Marker development using SLAF-seq and whole-genome shotgun strategy to fine-map the semi-dwarf gene ari-e in barley.

作者信息

Jia Qiaojun, Tan Cong, Wang Junmei, Zhang Xiao-Qi, Zhu Jinghuan, Luo Hao, Yang Jianming, Westcott Sharon, Broughton Sue, Moody David, Li Chengdao

机构信息

College of Life Sciences, Zhejiang Sci-Tech University, Hangzhou, 310018, China.

Key Laboratory of Plant Secondary Metabolism and Regulation of Zhejiang Province, Hangzhou, 310018, China.

出版信息

BMC Genomics. 2016 Nov 11;17(1):911. doi: 10.1186/s12864-016-3247-4.

DOI:10.1186/s12864-016-3247-4
PMID:27835941
原文链接:https://pmc.ncbi.nlm.nih.gov/articles/PMC5106812/
Abstract

BACKGROUND

Barley semi-dwarf genes have been extensively explored and widely used in barley breeding programs. The semi-dwarf gene ari-e from Golden Promise is an important gene associated with some agronomic traits and salt tolerance.
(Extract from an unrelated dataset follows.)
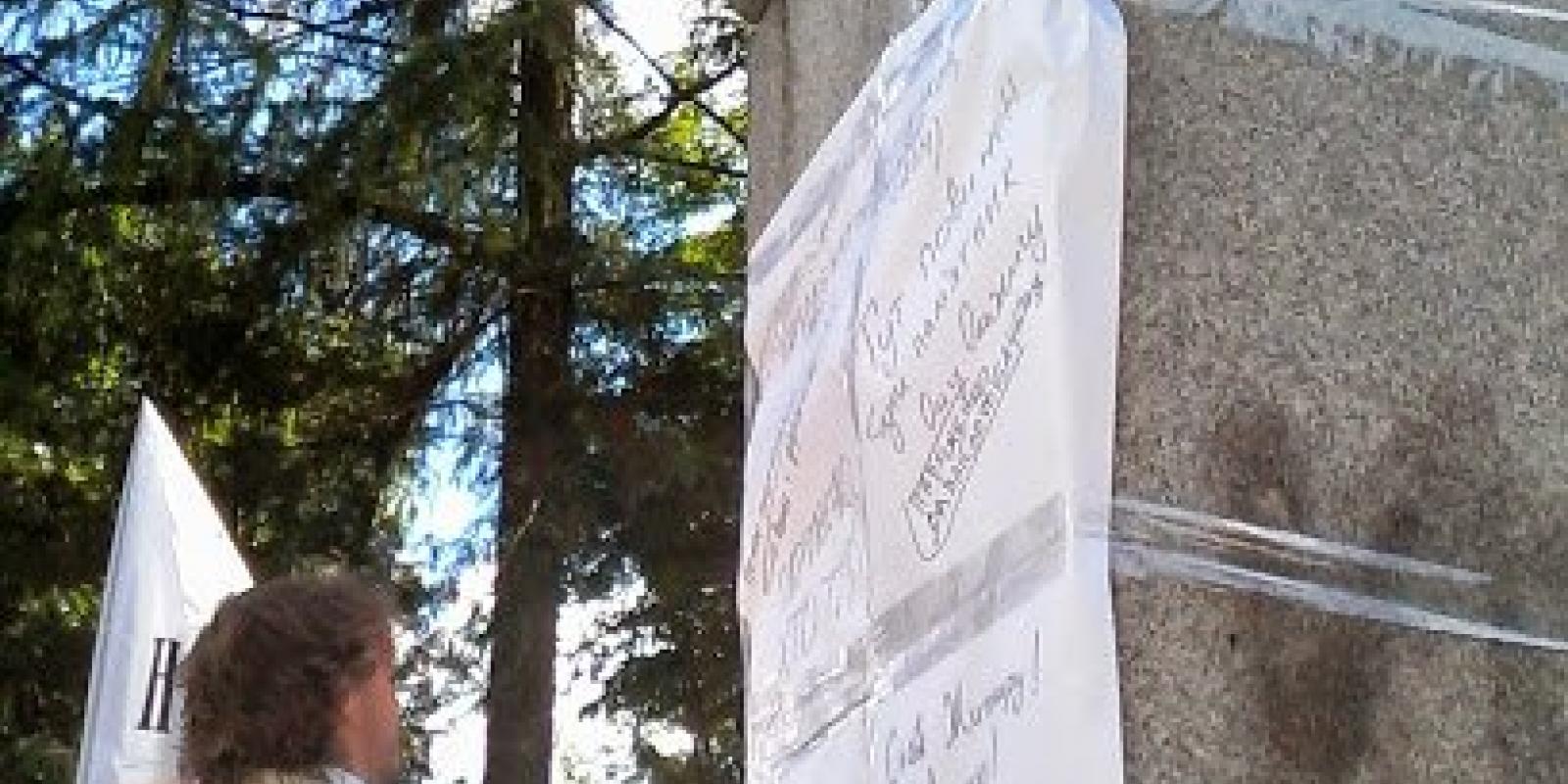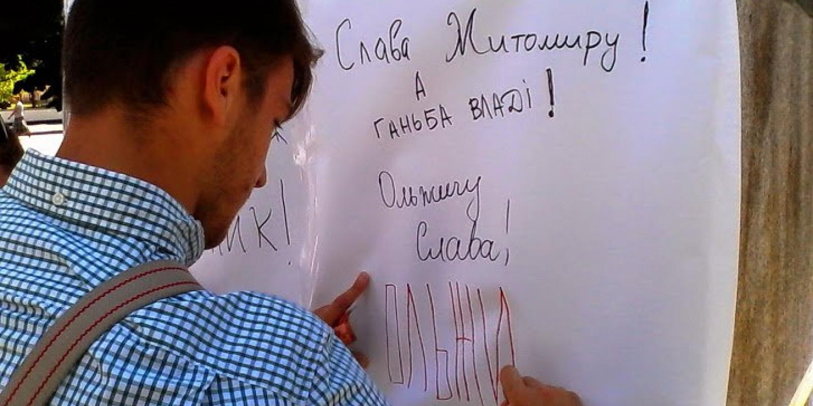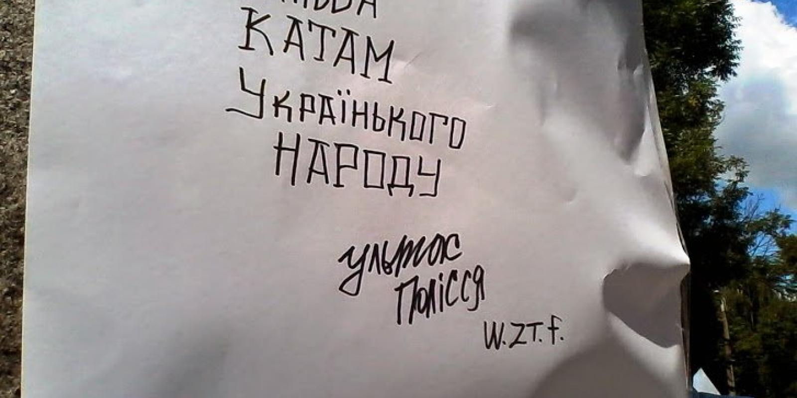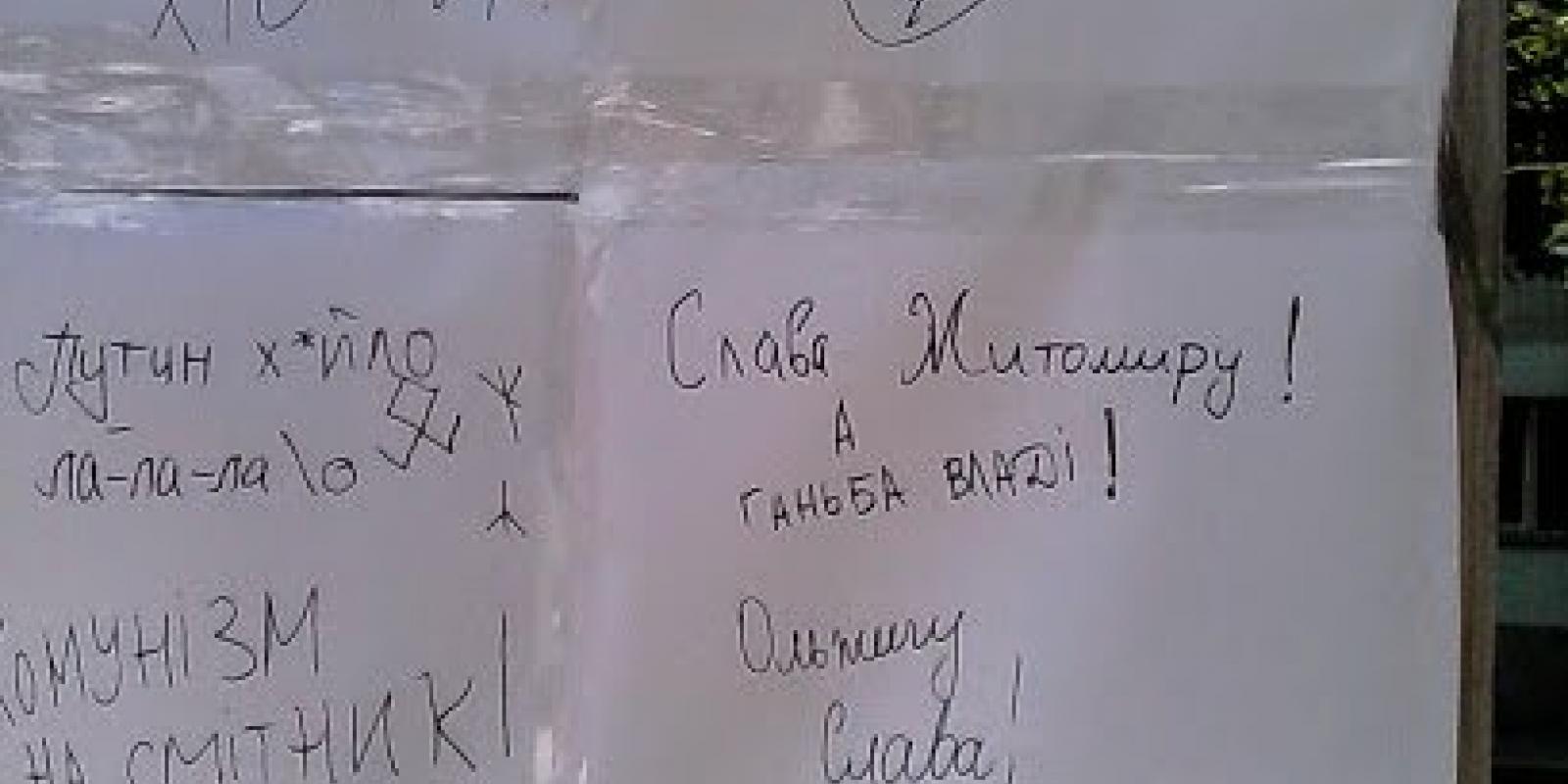 Теперішній постамент з Пархоменком вони обнесли ватманами, щоб кожен написав що він думає з приводу ситуації навколо "вшанування" житомирською владою свого земляка.

While ari-e has been mapped on barley chromosome 5H using traditional markers and next-generation sequencing technologies, it has not yet been finely located on this chromosome.

RESULTS

We integrated two methods to develop molecular markers for fine-mapping the semi-dwarf gene ari-e: (1) specific-length amplified fragment sequencing (SLAF-seq) with bulked segregant analysis (BSA) to develop SNP markers, and (2) the whole-genome shotgun sequence to develop InDels. Both SNP and InDel markers were developed in the target region and used for fine-mapping the ari-e gene. Linkage analysis showed that ari-e co-segregated with marker InDel-17 and was delimited by two markers (InDel-16 and DGSNP21) spanning 6.8 cM in the doubled haploid (DH) Dash × VB9104 population. The genetic position of ari-e was further confirmed in the Hindmarsh × W1 DH population which was located between InDel-7 and InDel-17. As a result, the overlapping region of the two mapping populations flanked by InDel-16 and InDel-17 was defined as the candidate region spanning 0.58 Mb on the POPSEQ physical map.

CONCLUSIONS

The current study demonstrated the SLAF-seq for SNP discovery and whole-genome shotgun sequencing for InDel development as an efficient approach to map complex genomic region for isolation of functional gene. The ari-e gene was fine mapped from 10 Mb to 0.58 Mb interval.

摘要

背景

大麦半矮秆基因已得到广泛研究,并在大麦育种计划中广泛应用。来自金色承诺(Golden Promise)的半矮秆基因ari - e是一个与一些农艺性状和耐盐性相关的重要基因。虽然已使用传统标记和新一代测序技术将ari - e定位在大麦5H染色体上,但尚未在该染色体上进行精细定位。

结果

我们整合了两种方法来开发用于精细定位半矮秆基因ari - e的分子标记:(1)采用混合分组分析法(BSA)的特定长度扩增片段测序(SLAF - seq)来开发SNP标记,以及(2)全基因组鸟枪法测序来开发InDel标记。在目标区域开发了SNP和InDel标记,并用于ari - e基因的精细定位。连锁分析表明,ari - e与标记InDel - 17共分离,并在双单倍体(DH)群体Dash × VB9104中被两个标记(InDel - 16和DGSNP21)界定,跨度为6.8厘摩(cM)。在Hindmarsh × W1 DH群体中进一步证实了ari - e的遗传位置,其位于InDel - 7和InDel - 17之间。因此,在POPSEQ物理图谱上,两个定位群体中由InDel - 16和InDel - 17侧翼的重叠区域被定义为候选区域,跨度为0.58兆碱基(Mb)。

结论

本研究证明了用于发现SNP的SLAF - seq和用于开发InDel的全基因组鸟枪法测序是绘制复杂基因组区域以分离功能基因的有效方法。ari - e基因被精细定位在10兆碱基至0.58兆碱基的区间内。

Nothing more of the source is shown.